Дни теперь были заполнены всякого рода работами, но и разговорами.

Комарек трудится над сетью для верши. Разве не легкомысленно это было в первую же зиму приниматься за донную сеть! Ей-богу, есть много чего поважней! Весна нагрянет, а у него только семь вершей. Скатав большую сеть, он повесил ее на потолочную балку.

И опять сидит, молчит, в душе упрекая самого себя: бог ты мой, ночи-то стали уже короче!

— Не посылай его больше в Берлин! — вдруг раздается голос испанца.

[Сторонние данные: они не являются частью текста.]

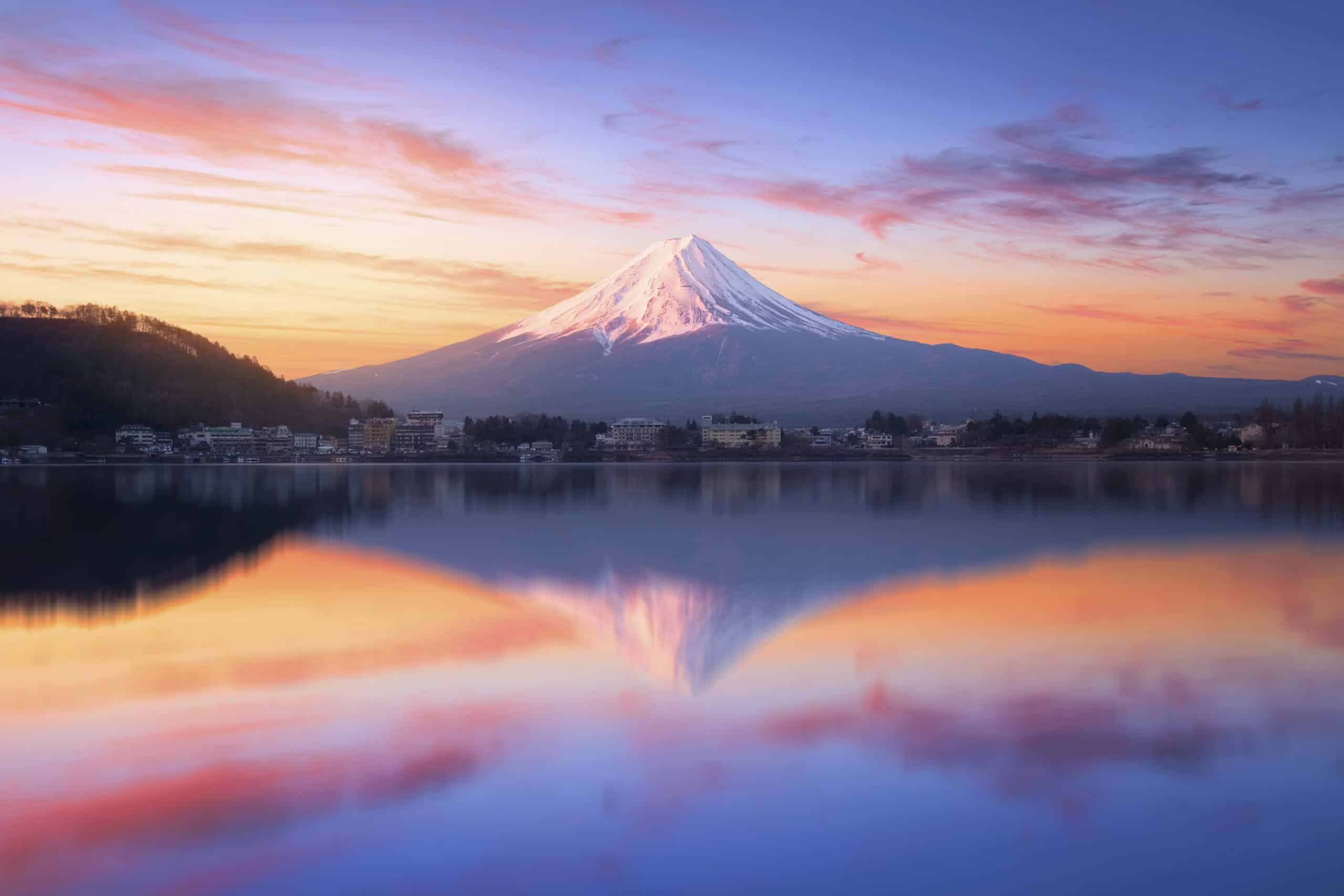 ...On clear days, particularly in winter, Mount Fuji (Fuji-san in Japanese) is visible from as far as Tokyo, 60 miles away. When Japan’s highest mountain is capped with snow, it’s a picture-postcard perfect volcanic cone. One of the best-known symbols of Japan, this iconic mountain has been considered sacred since ancient times and was even forbidden to women until the early 1900s.
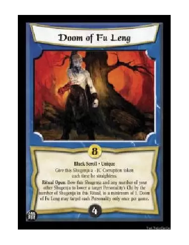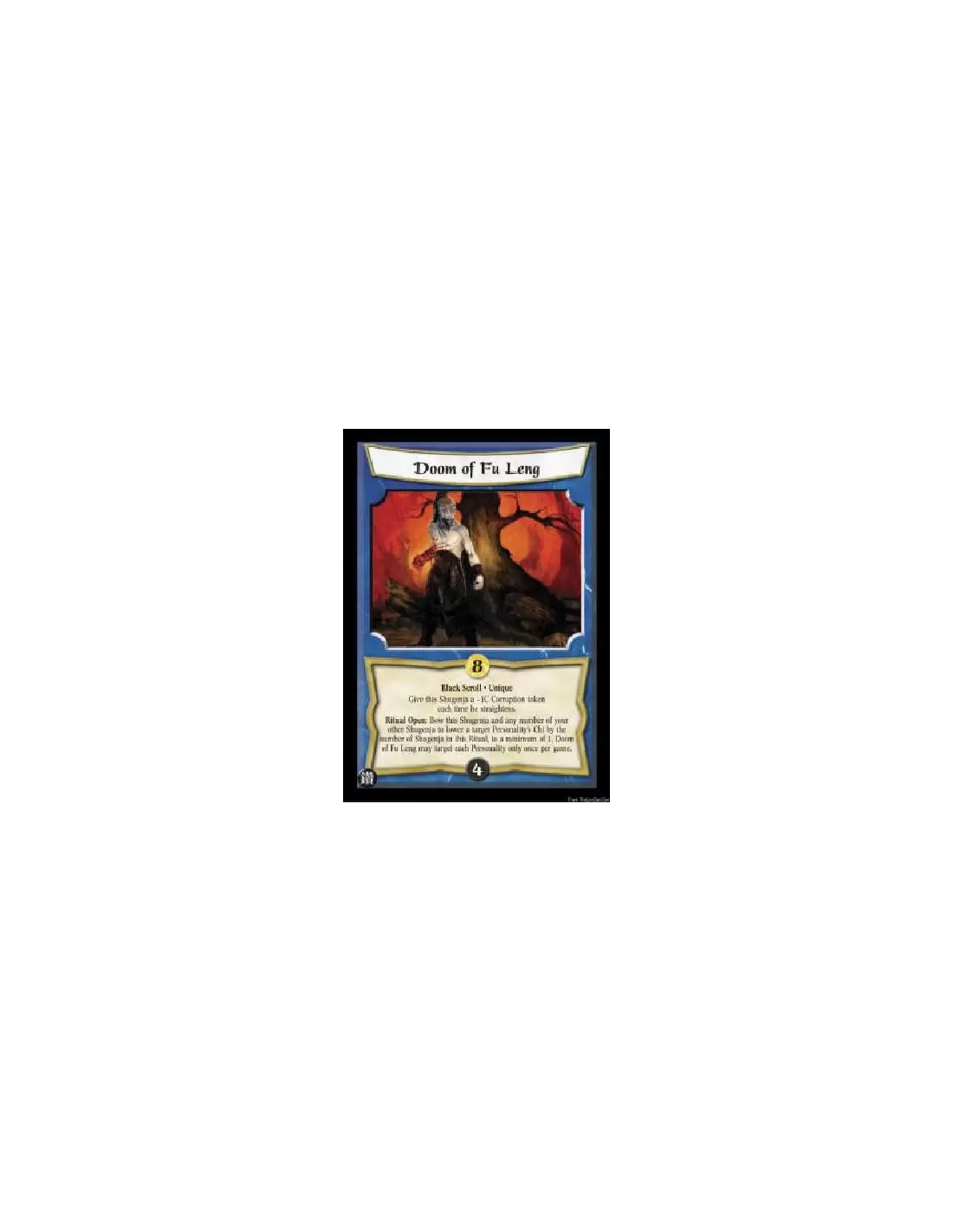 Black Scroll * Unique Give this Shugenja a -1C Corruption token each time he straightens. Ritual Open: Bow this Shugenja and any number of your other Shugenja to permanently lower a target Personality's Chi by the number of Shugenja in this Ritual, to a minimum of 1. This effect may target each Personality once per game.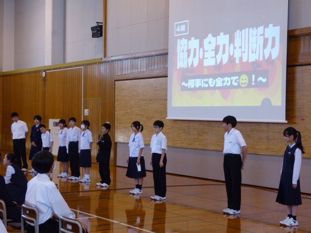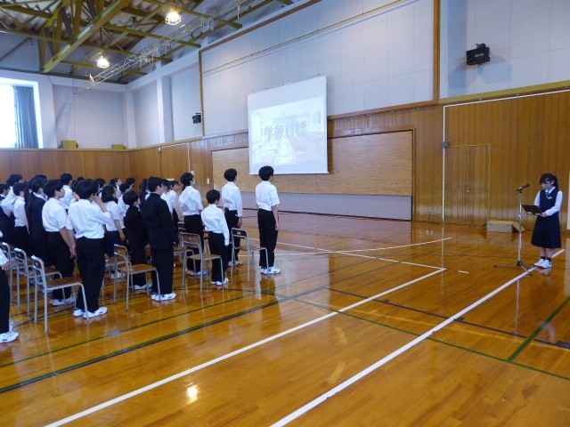 各学級代表の紹介と学級目標の紹介、学年目標の紹介がありました。

Проходит полчаса. Оба молчат.

— Я не посылаю его. Если он едет, то по своей воле.

— Я бы не пускал.

Старику Комареку приходится сдерживать себя, когда он говорит с испанцем: его мучает ревность. Не нравится ему, что мальчишка так преклоняется перед испанцем. Сам ведь новую блестящую пряжку к поясу испанца пришил.

— Не езди он в Берлин, ты бы давно концы отдал, — говорит Комарек.

Молчание.

— Уж не хочешь ли ты сказать, что ты его из-за меня в Берлин посылал?

— Я хочу сказать, что ты давно б концы отдал.

— Я могу и сегодня ночью уйти.

— Не нравится тебе у нас, никто тебя не держит.

— Что ж, так и сделаю.

— Никто тебя не держит.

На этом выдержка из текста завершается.